> [What is expected] Below are the records; extract from them the line containing "Figur 1 Abelonelundvej" to the line containing "Obr. 2: Obálky vědeckých časopisů ČAZV", both lines included, exactly and with no pictures.
──────── Records supplied
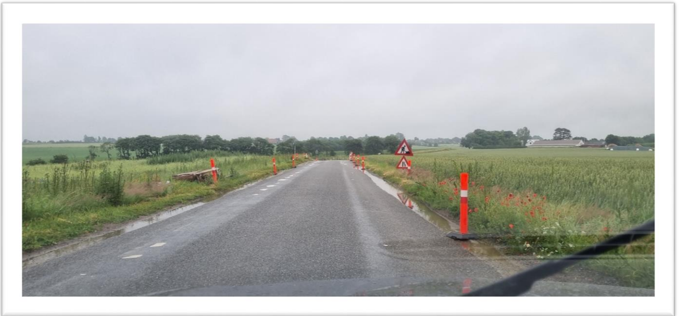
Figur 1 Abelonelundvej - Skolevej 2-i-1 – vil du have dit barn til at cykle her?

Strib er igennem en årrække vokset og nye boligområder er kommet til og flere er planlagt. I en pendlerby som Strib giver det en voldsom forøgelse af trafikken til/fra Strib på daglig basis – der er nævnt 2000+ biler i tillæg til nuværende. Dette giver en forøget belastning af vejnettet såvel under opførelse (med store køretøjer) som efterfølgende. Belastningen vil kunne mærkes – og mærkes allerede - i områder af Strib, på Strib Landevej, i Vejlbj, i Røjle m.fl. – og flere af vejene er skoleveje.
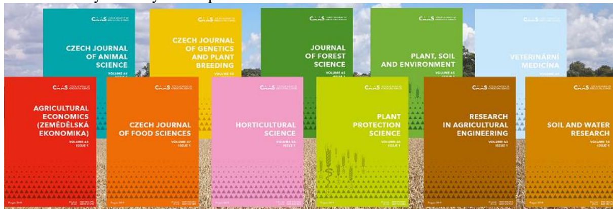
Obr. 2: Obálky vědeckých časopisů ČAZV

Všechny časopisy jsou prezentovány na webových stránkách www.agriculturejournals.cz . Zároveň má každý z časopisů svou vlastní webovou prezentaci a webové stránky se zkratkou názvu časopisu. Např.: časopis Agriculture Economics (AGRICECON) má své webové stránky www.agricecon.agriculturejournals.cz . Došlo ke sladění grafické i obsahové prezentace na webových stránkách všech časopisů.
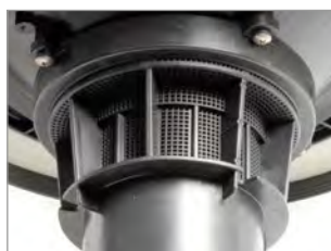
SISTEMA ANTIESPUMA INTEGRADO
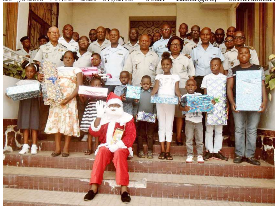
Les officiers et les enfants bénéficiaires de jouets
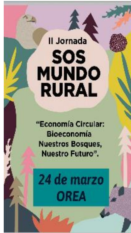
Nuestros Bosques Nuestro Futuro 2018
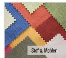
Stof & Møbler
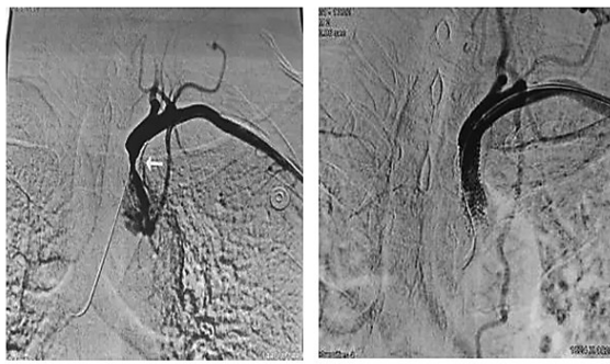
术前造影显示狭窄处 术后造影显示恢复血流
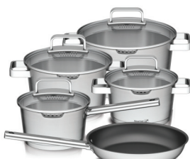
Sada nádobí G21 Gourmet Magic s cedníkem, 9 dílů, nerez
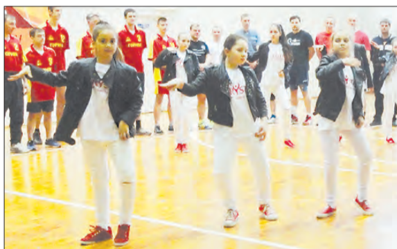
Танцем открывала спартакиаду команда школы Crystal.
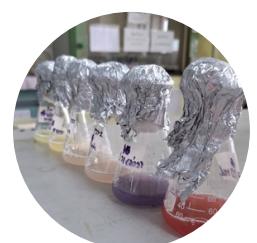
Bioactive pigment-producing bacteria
────────────────
──────── Records supplied
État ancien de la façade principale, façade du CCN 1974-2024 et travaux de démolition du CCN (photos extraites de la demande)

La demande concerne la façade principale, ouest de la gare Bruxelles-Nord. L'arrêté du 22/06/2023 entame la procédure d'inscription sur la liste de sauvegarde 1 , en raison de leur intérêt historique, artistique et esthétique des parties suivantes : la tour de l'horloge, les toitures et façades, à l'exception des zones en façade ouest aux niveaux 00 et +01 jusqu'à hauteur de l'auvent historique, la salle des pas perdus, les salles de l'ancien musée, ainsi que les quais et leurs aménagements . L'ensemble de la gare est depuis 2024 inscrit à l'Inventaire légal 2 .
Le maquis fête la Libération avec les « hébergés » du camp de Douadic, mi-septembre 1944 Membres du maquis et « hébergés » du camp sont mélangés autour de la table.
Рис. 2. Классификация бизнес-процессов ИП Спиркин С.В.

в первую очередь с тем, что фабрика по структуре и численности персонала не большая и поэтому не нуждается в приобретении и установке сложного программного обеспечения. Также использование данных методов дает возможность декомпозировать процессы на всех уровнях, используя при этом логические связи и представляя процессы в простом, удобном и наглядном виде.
────────────────
> [Your solution]
Figur 1 Abelonelundvej - Skolevej 2-i-1 – vil du have dit barn til at cykle her?

Strib er igennem en årrække vokset og nye boligområder er kommet til og flere er planlagt. I en pendlerby som Strib giver det en voldsom forøgelse af trafikken til/fra Strib på daglig basis – der er nævnt 2000+ biler i tillæg til nuværende. Dette giver en forøget belastning af vejnettet såvel under opførelse (med store køretøjer) som efterfølgende. Belastningen vil kunne mærkes – og mærkes allerede - i områder af Strib, på Strib Landevej, i Vejlbj, i Røjle m.fl. – og flere af vejene er skoleveje.
Obr. 2: Obálky vědeckých časopisů ČAZV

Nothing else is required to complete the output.